(Data extracted from a collection)
[Start of section]

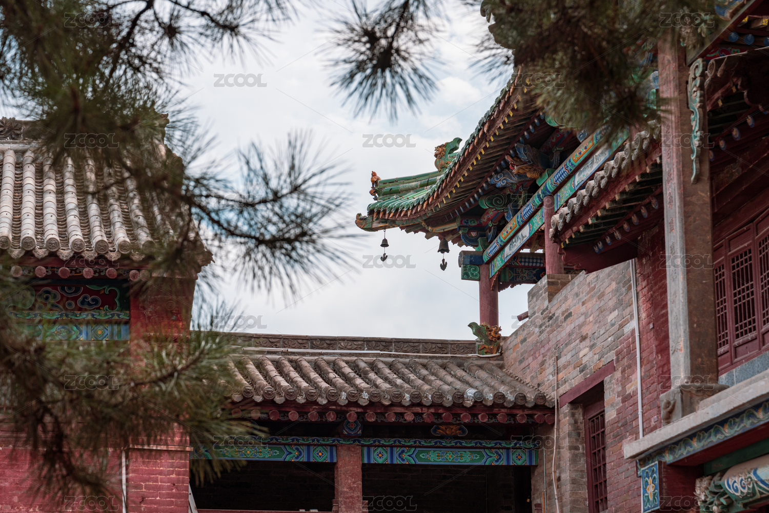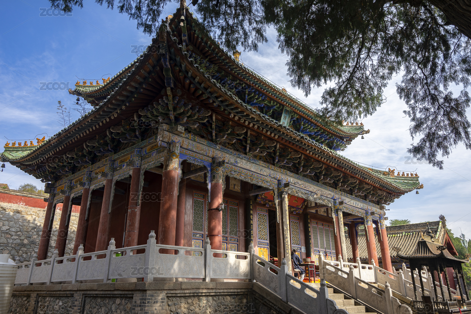 山西五台山古建飞檐映蓝天
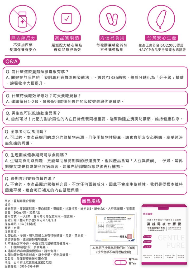 蔓越莓複合膠囊|淨護× 平衡 × 舒適升級 舒適升級新對策!結合蔓越莓酵素、枯草桿菌與多元消化酵素,強化代謝機能並建立防護屏障。 調整體質、守護私密健康。專業配方溫柔調理,是您每日維持舒爽的亮采好夥伴。 商品評價 目前沒有評價。 只有註冊並且購買過商品的顧客才能撰寫評價。
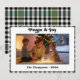 Celebre a temporada com este cartão de Natal xadrez preto e branco elegante, acentuado com tons sutis de verde e dourado para um toque festivo. Com espaço para a foto da sua família, nome e ano, este cartão moderno inspirado no tartan combina o charme clássico do feriado com um estilo contemporâneo. Uma escolha atemporal para casais e famílias.
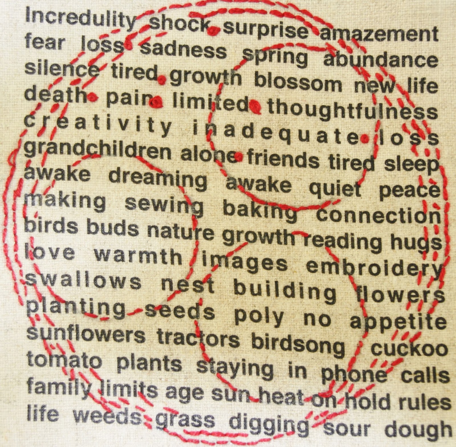 Everyone has made beautiful work, but there are a few names I recognise joining in with this massive community project. The printmaker Tor Hildyard sent me Hugs ready printed and stitched.
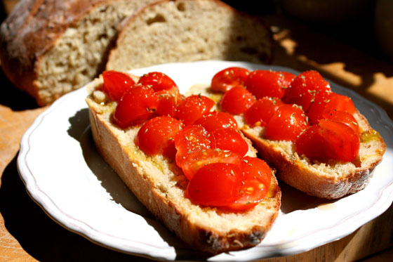 If someone woke me up in the middle of the night to tell me that there are some fragrant slices of bread with cherry tomatoes, extra-virgin olive oil, salt and a pinch of oregano waiting for me, I would jump out of the bed. That’s how much I love it. Nothing more to be said.
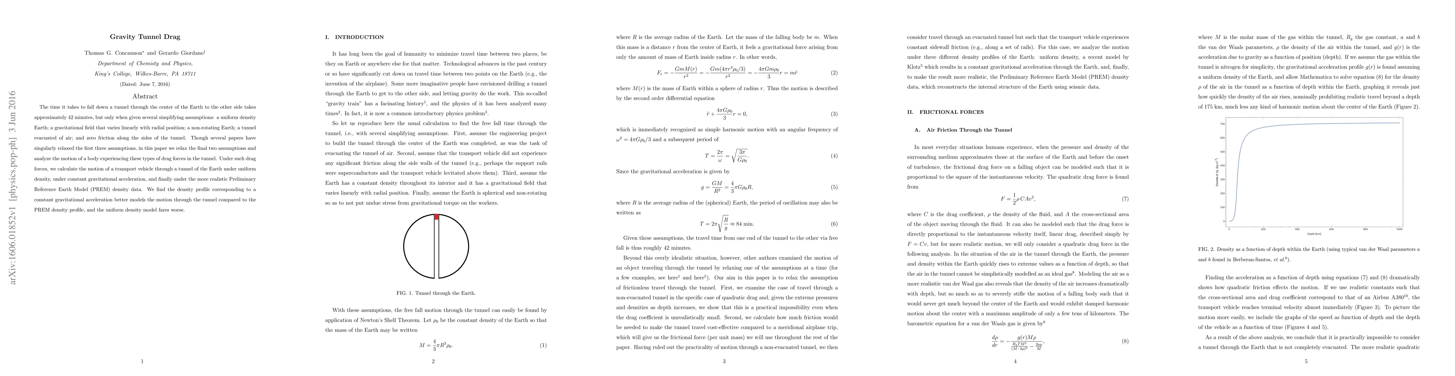 Researchers analyzed the motion of a vehicle through an Earth tunnel with simplified drag forces, finding that a uniform density model performs poorly compared to models based on real-world gravitational acceleration data.
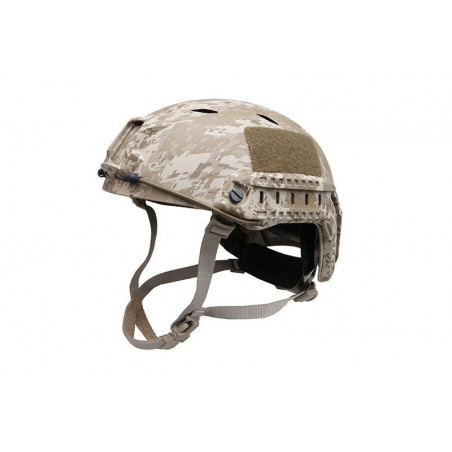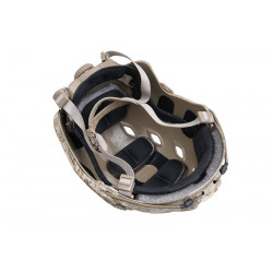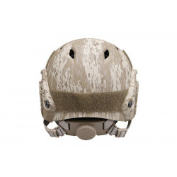 On the outside, the helmet is equipped with an integrated night vision goggles mount which is equipped with additional hooks that are placed on flexible bands which’s task it to increase the NVG’s stability. On both of the sides of the helmet, there are universal mounting rails for additional accessories to be mounted. A major part of the helmet’s side and back surface is covered with hooks and loops fastener which can be used to mount patches, identification elements or IR and visible light markers.
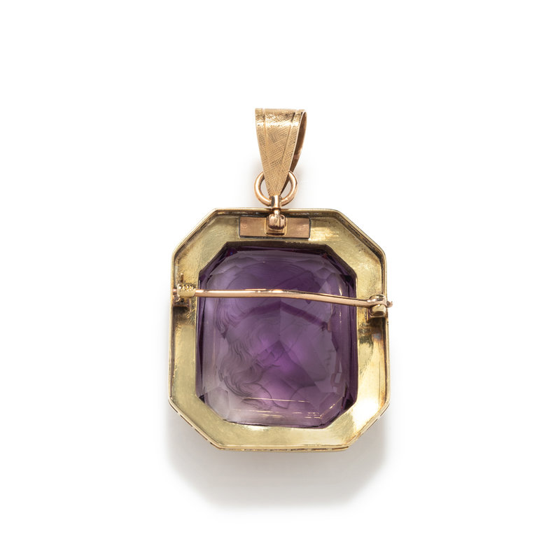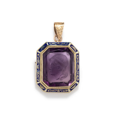 AMETHYST INTAGLIO AND ENAMEL PENDANT/BROOCH
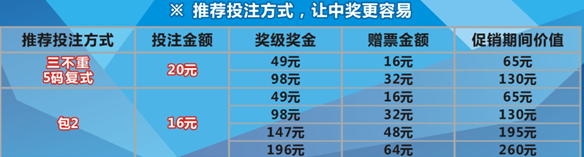 贈票活動不限投注方式,單式、復式、組合如中獎均可贈票。采用復式組合投注,獎金有可能會翻2倍、3倍或4倍,是真正的獎金會翻倍的彩票,尤其是現(xiàn)在活動升級,贈票金額翻倍,獎金更高更超值。
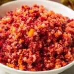Grandma’s Cranberry Relish is a classic, old-fashioned recipe featuring fresh cranberries, navel orange, and granny smith apple finely chopped and sweetened with sugar. This vibrant and tangy relish is perfect as a festive accompaniment to Thanksgiving turkey or Christmas dinner, offering a refreshing balance of sweet and tart flavors with a hint of cinnamon.
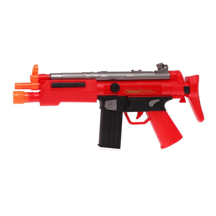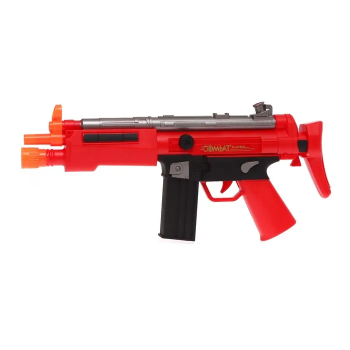 - Автомат издаёт звуки выстрелов и вибрирует. Для работы нужны батарейки типа AA (LR 6).
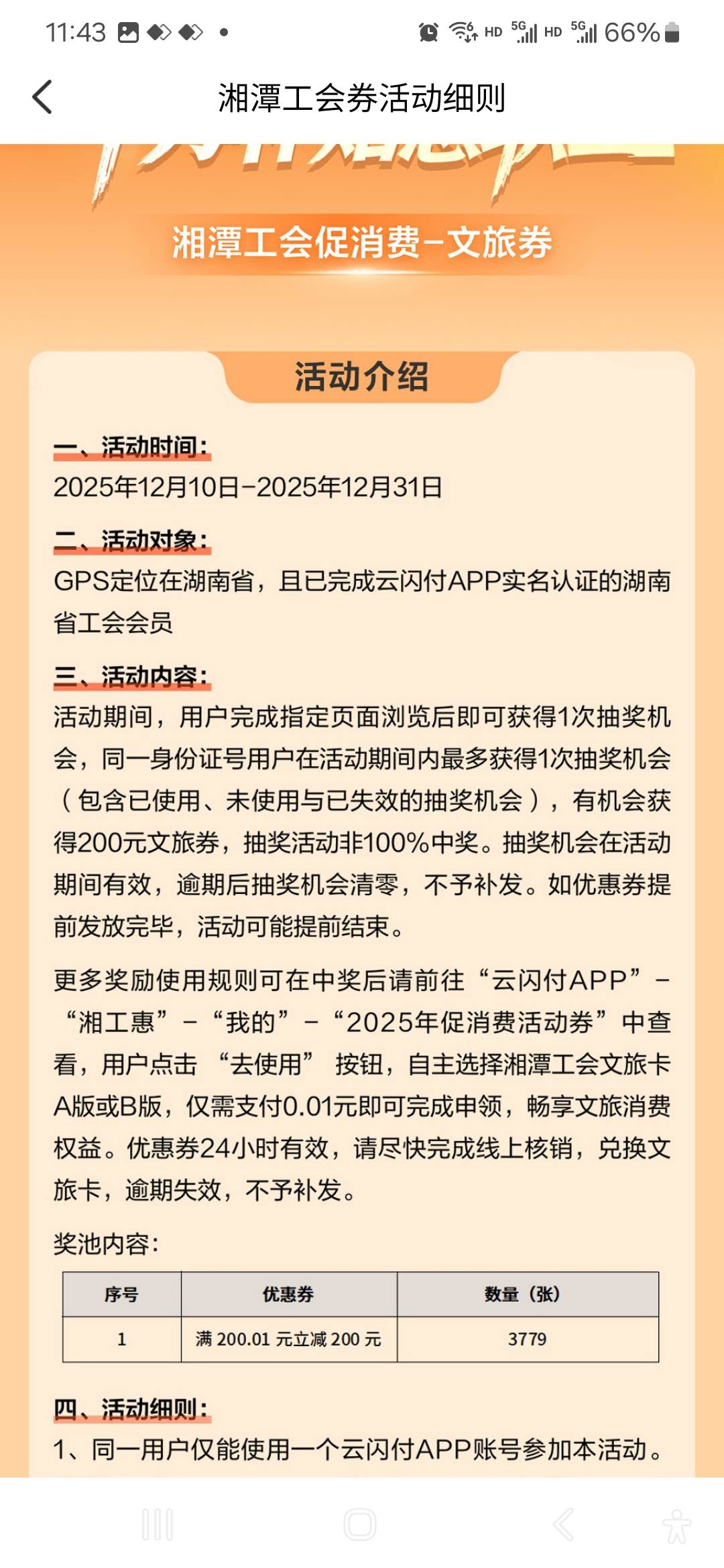 首发,云闪付湖南湘工惠,湘潭活动进去浏览抽奖,加入湖南工会的才能抽

[End of section]

• [Your instructions]
The lines from the one containing "贈票活動不限投注方式,單式、" through the last line of the entries are to be copied exactly, both ends included, and the pictures are to be omitted.

• [Response]
 贈票活動不限投注方式,單式、復式、組合如中獎均可贈票。采用復式組合投注,獎金有可能會翻2倍、3倍或4倍,是真正的獎金會翻倍的彩票,尤其是現(xiàn)在活動升級,贈票金額翻倍,獎金更高更超值。
Grandma’s Cranberry Relish is a classic, old-fashioned recipe featuring fresh cranberries, navel orange, and granny smith apple finely chopped and sweetened with sugar. This vibrant and tangy relish is perfect as a festive accompaniment to Thanksgiving turkey or Christmas dinner, offering a refreshing balance of sweet and tart flavors with a hint of cinnamon.
 - Автомат издаёт звуки выстрелов и вибрирует. Для работы нужны батарейки типа AA (LR 6).
 首发,云闪付湖南湘工惠,湘潭活动进去浏览抽奖,加入湖南工会的才能抽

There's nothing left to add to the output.